Most of us have experienced some kind of disappointment or betrayal in our relationships at some point in our lives. And I’m sure you already know this, but it bears repeating – it takes a long time to earn trust, and VERY little to lose it.
Now in itself, trust is not an easy thing to give someone – at ALL. But if you also suffer from Pistanthrophobia, it can be damn-near impossible. Want to know more? Let’s get started.
So What’s Pistanthrophobia, Anyway?
Pistanthrophobia comes from the Greek words Pistos which means ‘Trust’, and Anthrophobia which literally means ‘fear of humans’ (If you were wondering, Anthropos means ‘human’ and Phóbos means Fear).
Pistanthrophobia is characterised by an irrational fear of building an intimate and personal relationship with others. Past traumas or harmful experiences carry so much weight, that their fears outweigh the desire to trust others.
People with this condition typically feel as if everyone sooner or later will disappoint or betray them. They become extremely distrustful. They’re afraid of the idea that aspects of their past may be repeated, and they don’t want to let that happen.
Behaviours of Pistanthrophobia
The effects of Pistanthrophobia are not limited to emotions, but can also extend to other areas of their lives.
People that suffer from Pistanthrophobia replay similar phrases of questions in their heads over and over. These phrases include, ‘Why does this always happen to me’? ‘I’m never going to be happy’. ‘I’m always going to be alone’.
Their self-suggestion can lead them to become both antisocial and isolated. Some of these behaviours include:
- Avoiding activities that involve close interpersonal contact.
- Becoming withdrawn because they fear criticism. There’s an exaggerated fear of being judged, rejected, or betrayed.
- Not attending events or meetings in which they have to meet with strangers they don’t know if they will like.
- Not taking any risks that could endanger their emotions. They are very reluctant to engage with other people. They feel dread when it comes to opening up to others. For that reason, sometimes they seem solitary, introverted, reserved, and even like ‘hermits’.
- Trying to avoid intimate relationships due to their fear of being disappointed again. They don’t want to find a relationship again because of their panic that their trust will be misplaced again.
Pistanthrophobia and Intuition
Normally, difficulty in trusting others starts with distrust in oneself. This distrust directly affects the intuition or sixth sense that dictates whether a person is trustworthy or not.
Now, people with Pistanthrophobia don’t lack intuition per se – they simply don’t trust it. People without Pistanthrophobia don’t always trust their intuition either, they don’t panic when they’re unsure. They typically trust their judgement when they’ve nothing else to go on.
This lack of confidence in our intuition often decreases our confidence in other skills, like defending ourselves if someone attacks us. Thus, because we think we are defenceless, we’ll become even more distrustful. In this way, the phobia cycles into a larger problem.
Another thing to keep in mind is that the more emotionally involved the person with Pistanthrophobia becomes with the other person – these things typically all become worse. They want to give love and trust but feel like they can’t. Therefore, along with distrust, they also feel disappointment, frustration, sadness, anger, guilt, or generalised shame.
So building relationships becomes a very difficult task. It’s a bit like trying to climb a bloody mountain if you’ve vertigo. The fear of falling increases with each step taken, until you feel you aren’t even moving (you probably aren’t. Just saying).
That’s why many people with Pistanthrophobia tend to cut off relationships abruptly. They can no longer continue climbing, or deepen the relationship.
In Conclusion
If after reading this you feel you’ve Pistanthrophobia, believe me – you’re not alone. In a future article, I’ll make some therapeutic suggestions if you’re interested, which will hopefully allow you to face this better. I hope this sheds a bit of light on the subject for you.
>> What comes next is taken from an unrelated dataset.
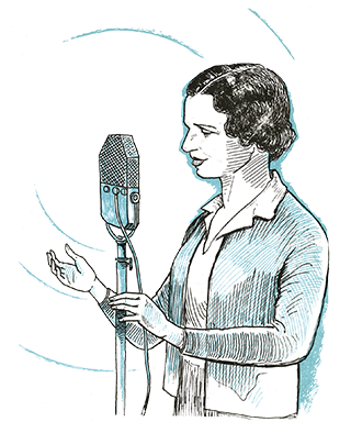 Το 1939 της γίνεται μια πρόταση να παρουσιάσει ένα από τα θεατρικά της παιδικά έργα από το ραδιόφωνο, από τον κρατικό σταθμό που αργότερα έγινε το ΕΙΡ, το Εθνικό Ίδρυμα Ραδιοφωνίας. Η επιτυχία είναι μεγάλη και στη συνέχεια της προτείνουν μια πρωινή παιδική καθημερινή εκπομπή από το ραδιόφωνο. Η Αντιγόνη δέχεται, αλλά αποφασίζει να αλλάξει το όνομά της, για να γίνει μια μορφή πιο οικεία στα παιδιά, να γίνει μια Θεία, και διαλέγει το όνομα Ελένη, Θεία Λένα, μια που το όνομα του συζύγου της ήταν Κώστας. Έτσι γίνεται η πασίγνωστη Θεία Λένα που τα παιδιά στην Ελλάδα για 25 ολόκληρα χρόνια περίμεναν μπροστά από το ραδιόφωνο, να ακούσουν κάθε πρωί τη φωνή της να τους διηγείται παραμύθια στην «Ώρα του Παιδιού». Η Θεία Λένα αργότερα γίνεται διευθύντρια όλων των παιδικών εκπομπών και χωρίζει τα προγράμματα σε τρεις ζώνες, για μικρά παιδιά, παιδιά μέσης ηλικίας και μεγάλα παιδιά. Με τη συνεργασία του συζύγου της Κώστα Κροντηρά ανεβάζει σε συνέχειες για πρώτη φορά στην Ελλάδα την Ιλιάδα και την Οδύσσεια σε ραδιοσκηνοθεσία Κώστα Κροντηρά, κείμενα Γιάννη Λιγνάδη και μουσική του Δημήτρη Λεβίδη με τη συμφωνική ορχήστρα του ΕΙΡ.

I can relate to this topic. I suffered a traumatic experience when I was younger and then it was compounded by unhealthy relationship.
Even though I have gone to counseling and have made significant progress, I still struggle with allowing myself to get close others and allowing others to get close to me. This also hinders my ablility to make connects in the BDSM lifestyle, I have needs as a submissive but I can’t bring myself to engage in any activity that requires me to be intimate.
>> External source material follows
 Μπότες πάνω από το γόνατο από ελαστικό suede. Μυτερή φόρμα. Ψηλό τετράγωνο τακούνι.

It’s all great until someone wants something more and I run like hell only to beat myself up later because I do want to love and be loved or cared for in return.
The fear is just too great and it’s a vicious cycle but with continued counseling I hope to turn that around some day.
I’m sorry to hear that you went through the things that you have. However, I’m glad to see you didn’t let it completely overtake you.
I’m sure that over time, everything you went through will be nothing more than a horrid chapter in your life that you can truly be rid of.
Good luck to you, Zoey!
I have been an unhealthy relationship that i lost my trust of others i didnt get into any relationship till now it’s been 4 yrs
I’m sorry to hear that you found yourself in an unhealthy relationship, Navina. Believe me, you’re definitely not alone in that, and those that have been through it typically develop a distrust in others — which can absolutely affect future relationships.
I’m glad to know you’re putting yourself out there again, and wish you the best of luck!